## Exercise
Please copy the lines below, exactly as they are, from the one with "Thanks for taking" through the one with "Nadherne tricko bez", and leave out the pictures.

## Study material
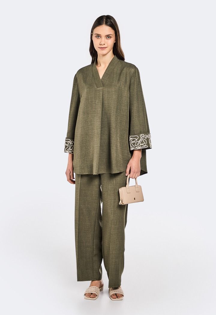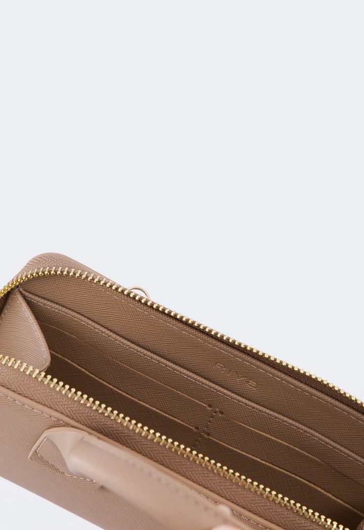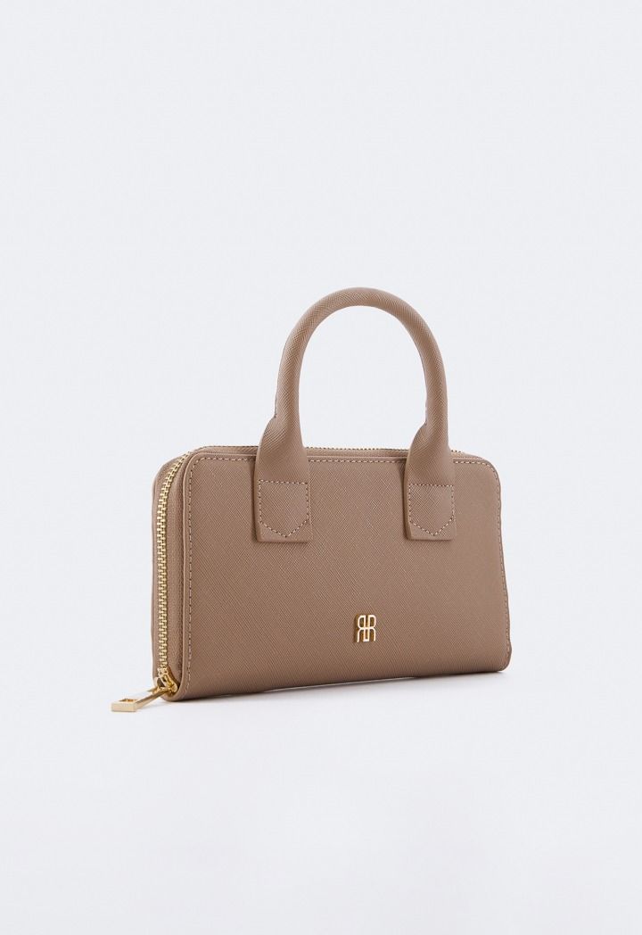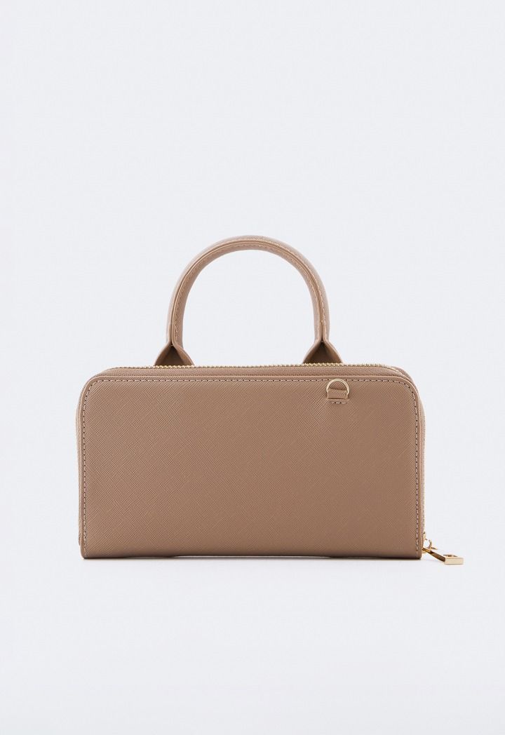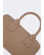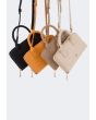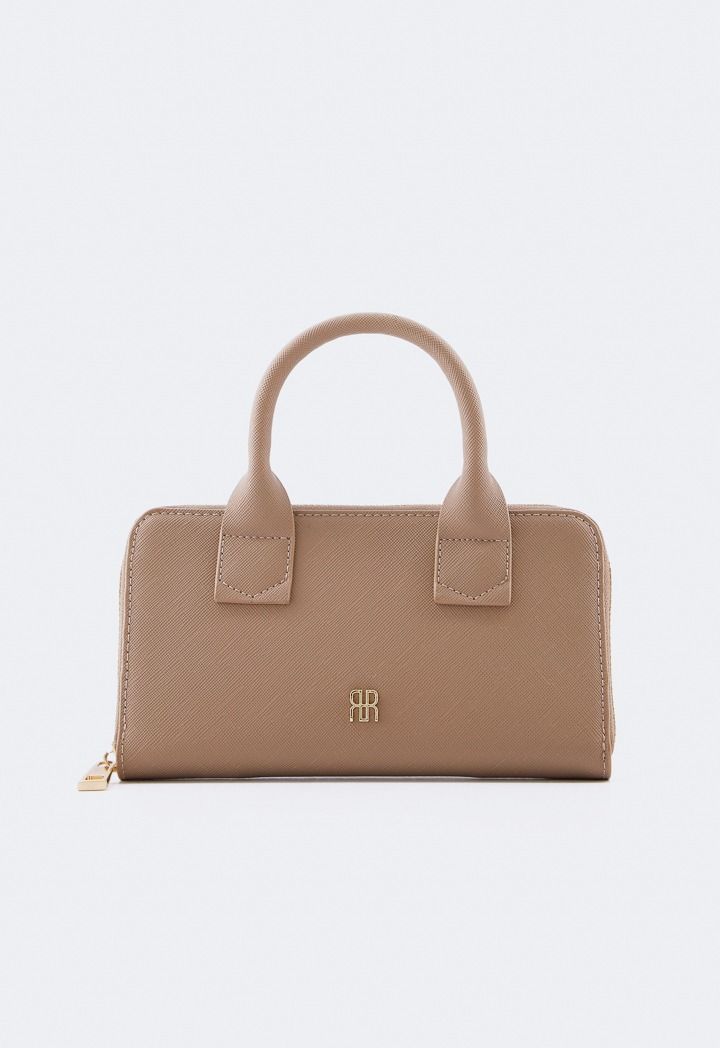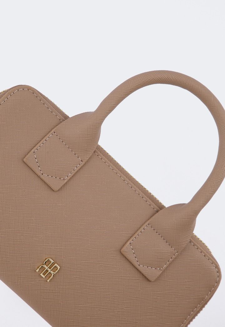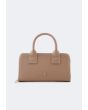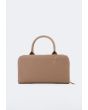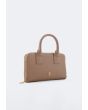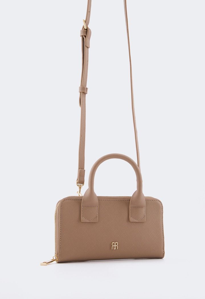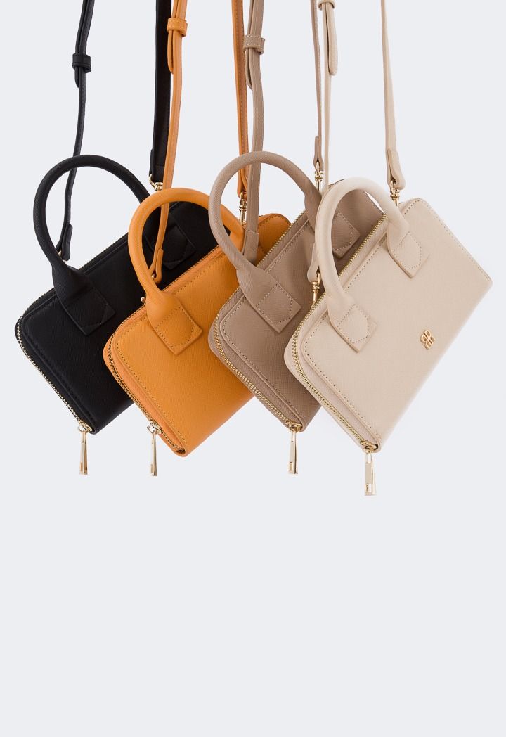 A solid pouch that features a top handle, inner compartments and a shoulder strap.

==

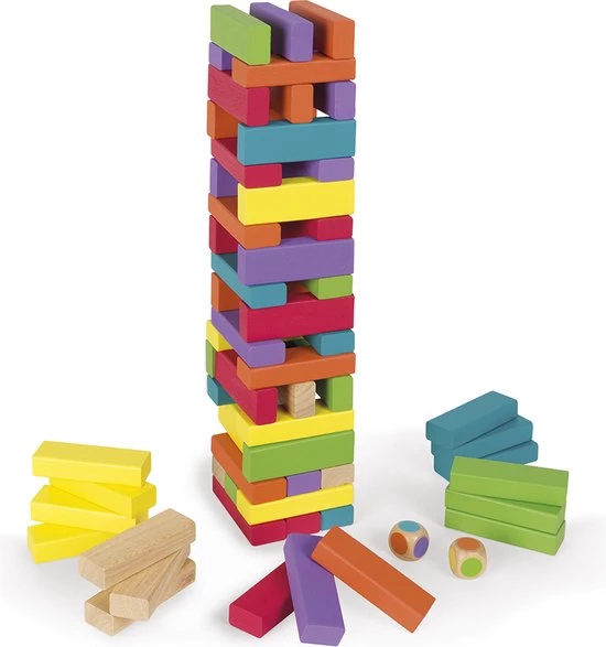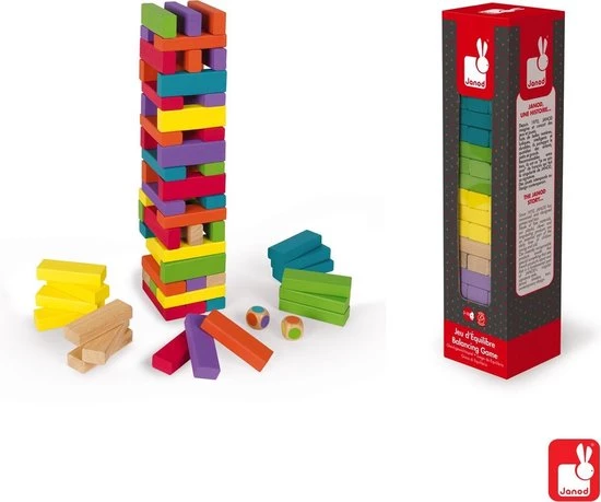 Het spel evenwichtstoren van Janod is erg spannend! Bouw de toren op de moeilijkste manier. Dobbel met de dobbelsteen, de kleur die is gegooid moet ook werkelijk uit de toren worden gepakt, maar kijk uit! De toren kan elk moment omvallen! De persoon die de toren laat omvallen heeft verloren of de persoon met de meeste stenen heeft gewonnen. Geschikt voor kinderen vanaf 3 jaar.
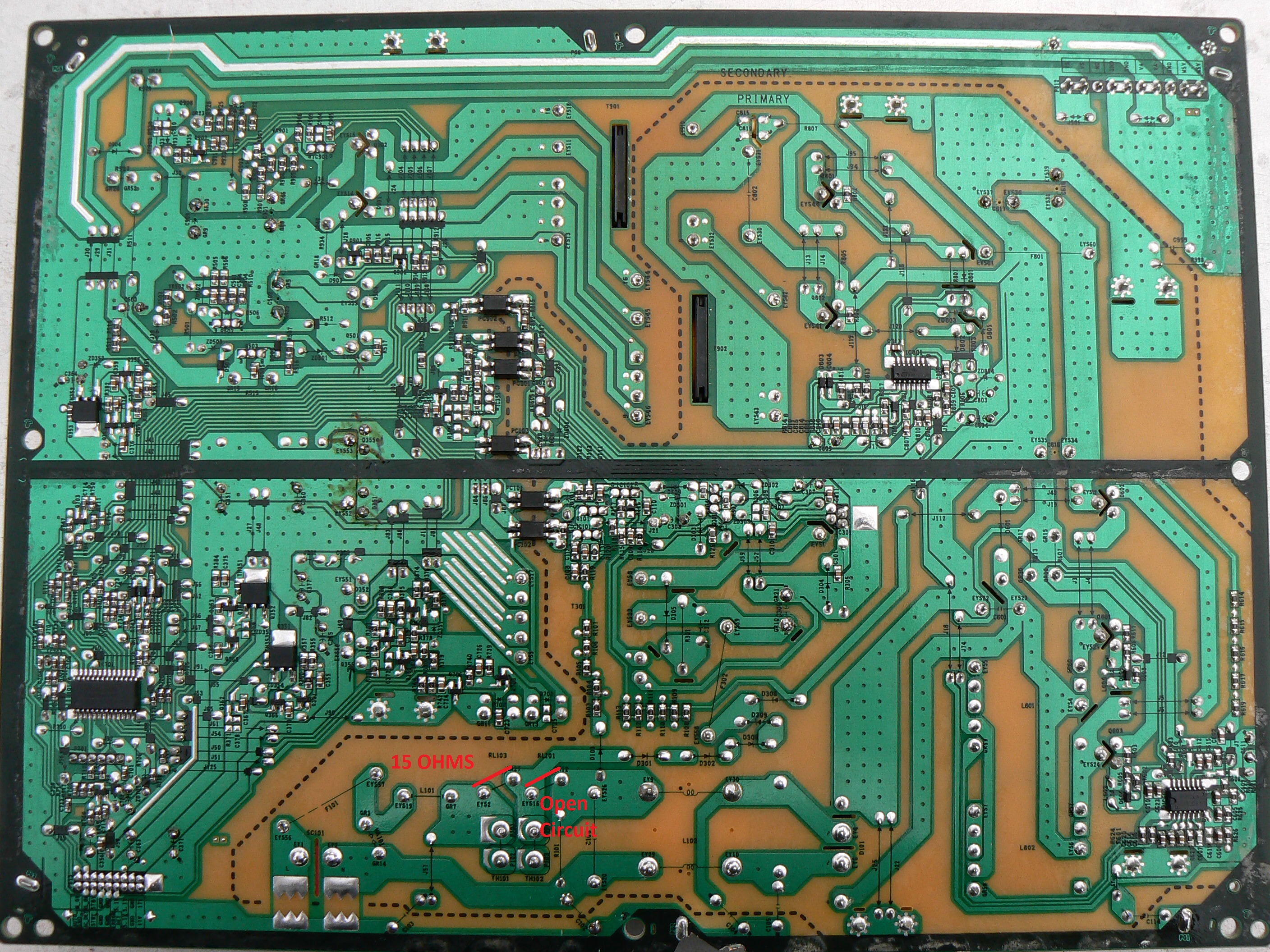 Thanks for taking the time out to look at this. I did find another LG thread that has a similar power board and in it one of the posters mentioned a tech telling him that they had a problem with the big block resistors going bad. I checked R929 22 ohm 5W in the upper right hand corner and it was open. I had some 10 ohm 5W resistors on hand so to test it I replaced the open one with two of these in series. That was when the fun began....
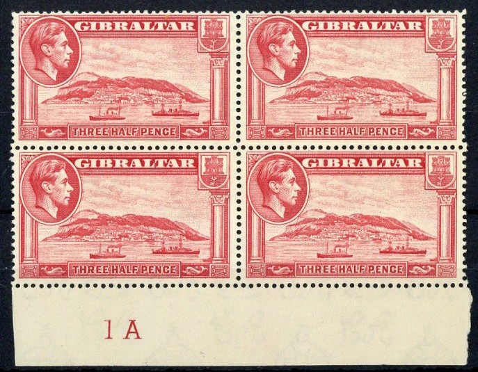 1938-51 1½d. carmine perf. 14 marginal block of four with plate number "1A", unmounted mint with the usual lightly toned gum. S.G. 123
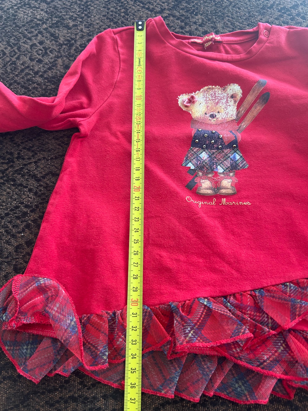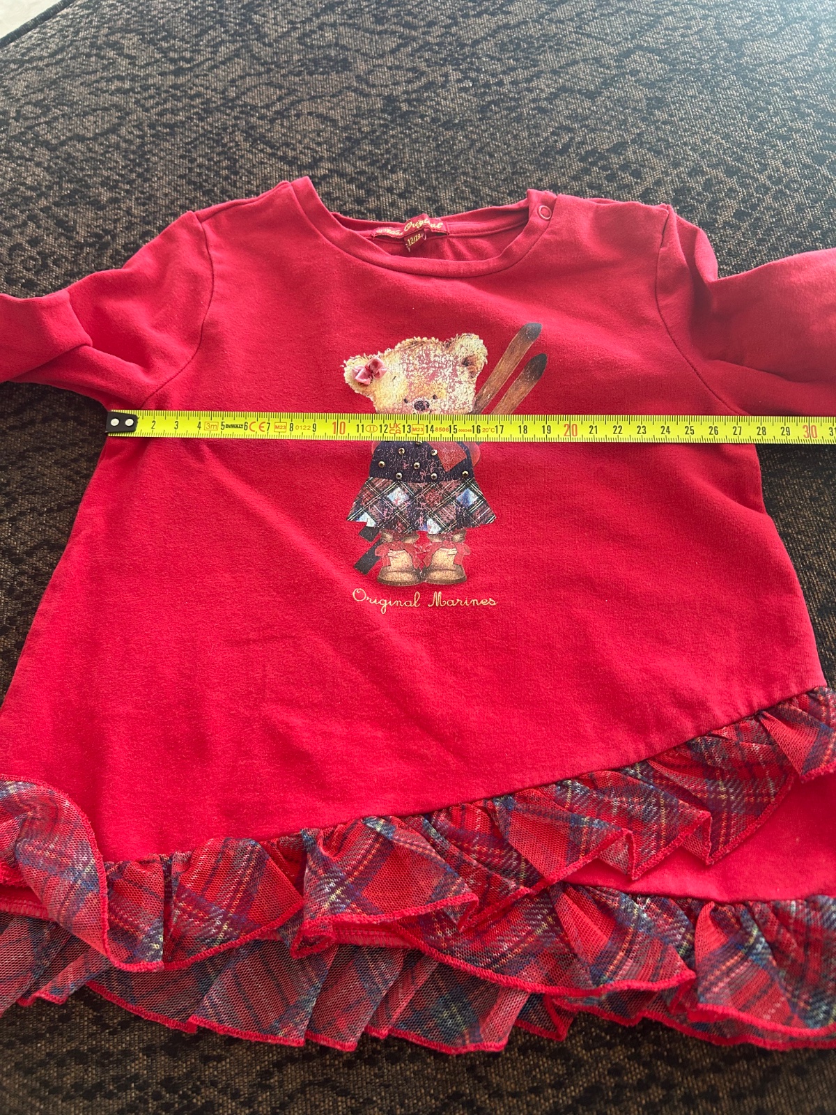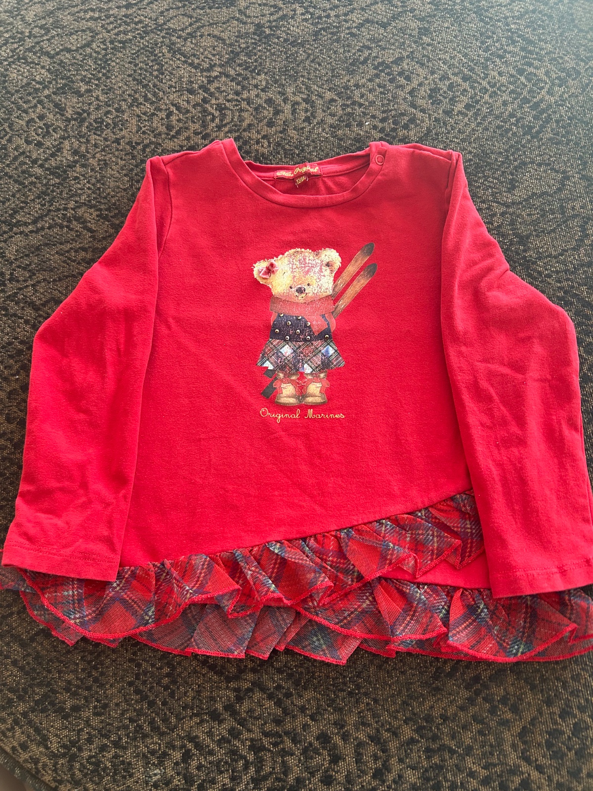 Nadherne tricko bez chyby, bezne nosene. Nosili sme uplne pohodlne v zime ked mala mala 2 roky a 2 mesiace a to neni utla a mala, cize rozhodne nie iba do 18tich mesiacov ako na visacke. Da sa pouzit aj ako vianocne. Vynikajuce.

...

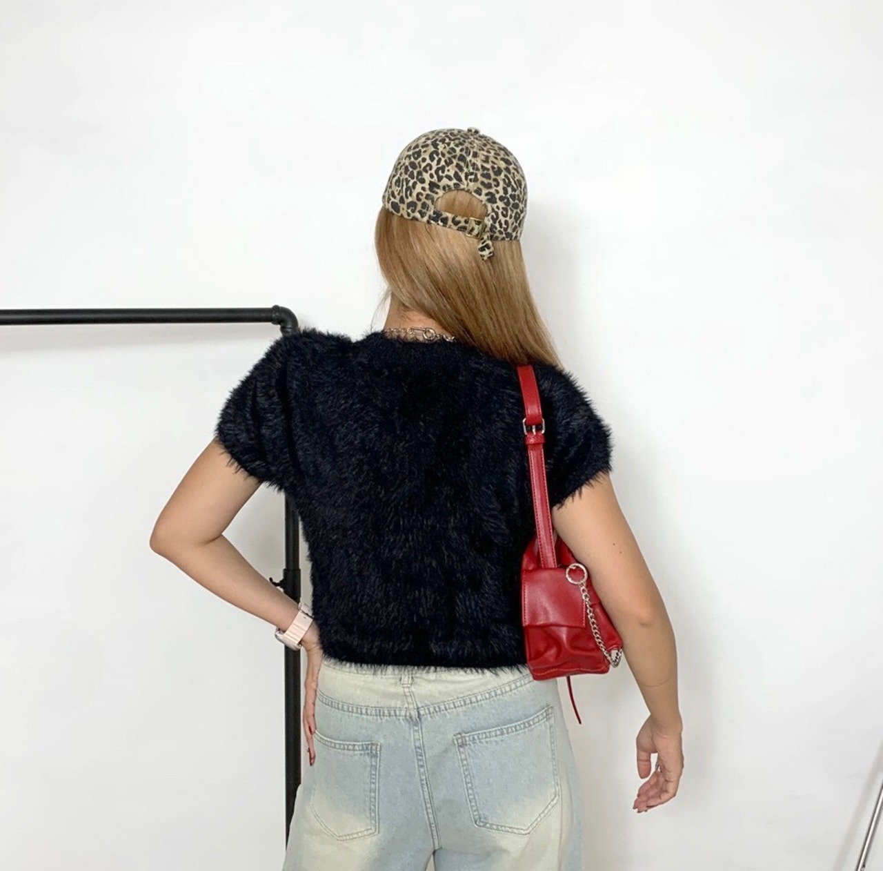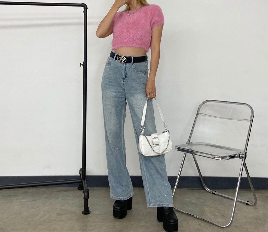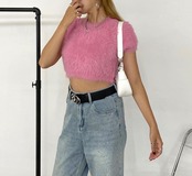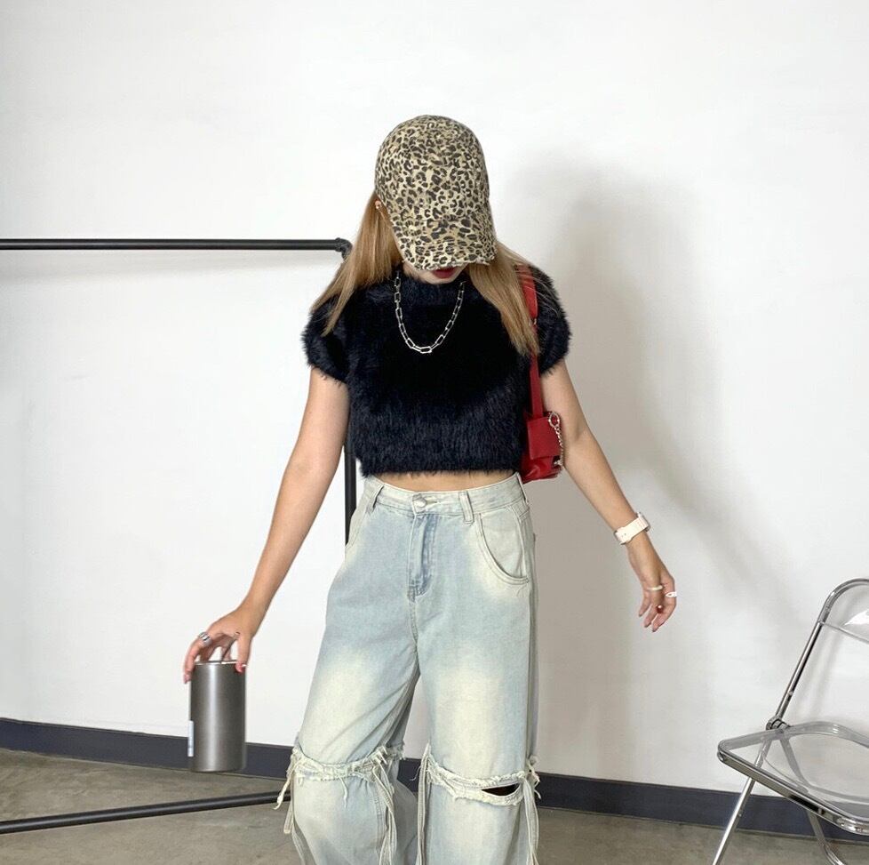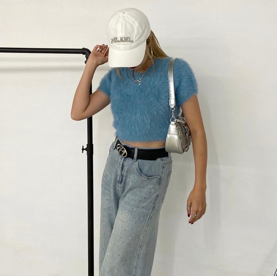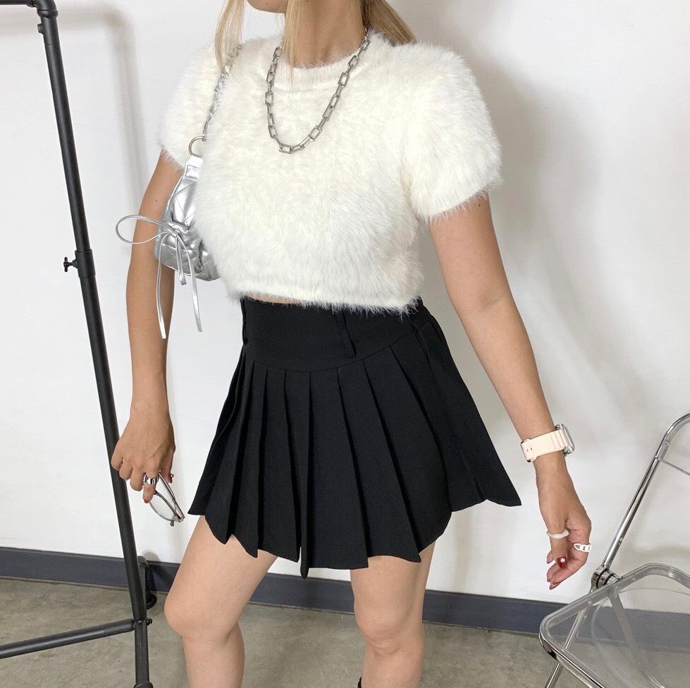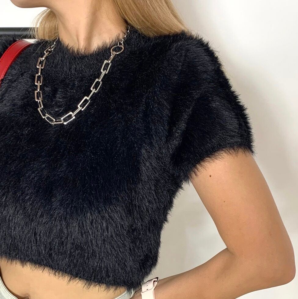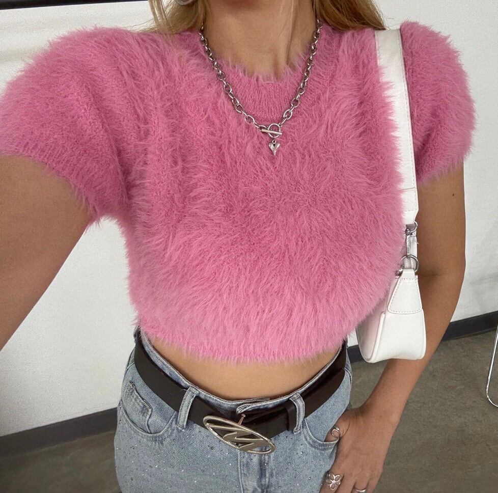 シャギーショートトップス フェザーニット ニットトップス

## Response for this exercise
 Thanks for taking the time out to look at this. I did find another LG thread that has a similar power board and in it one of the posters mentioned a tech telling him that they had a problem with the big block resistors going bad. I checked R929 22 ohm 5W in the upper right hand corner and it was open. I had some 10 ohm 5W resistors on hand so to test it I replaced the open one with two of these in series. That was when the fun began....
 1938-51 1½d. carmine perf. 14 marginal block of four with plate number "1A", unmounted mint with the usual lightly toned gum. S.G. 123
 Nadherne tricko bez chyby, bezne nosene. Nosili sme uplne pohodlne v zime ked mala mala 2 roky a 2 mesiace a to neni utla a mala, cize rozhodne nie iba do 18tich mesiacov ako na visacke. Da sa pouzit aj ako vianocne. Vynikajuce.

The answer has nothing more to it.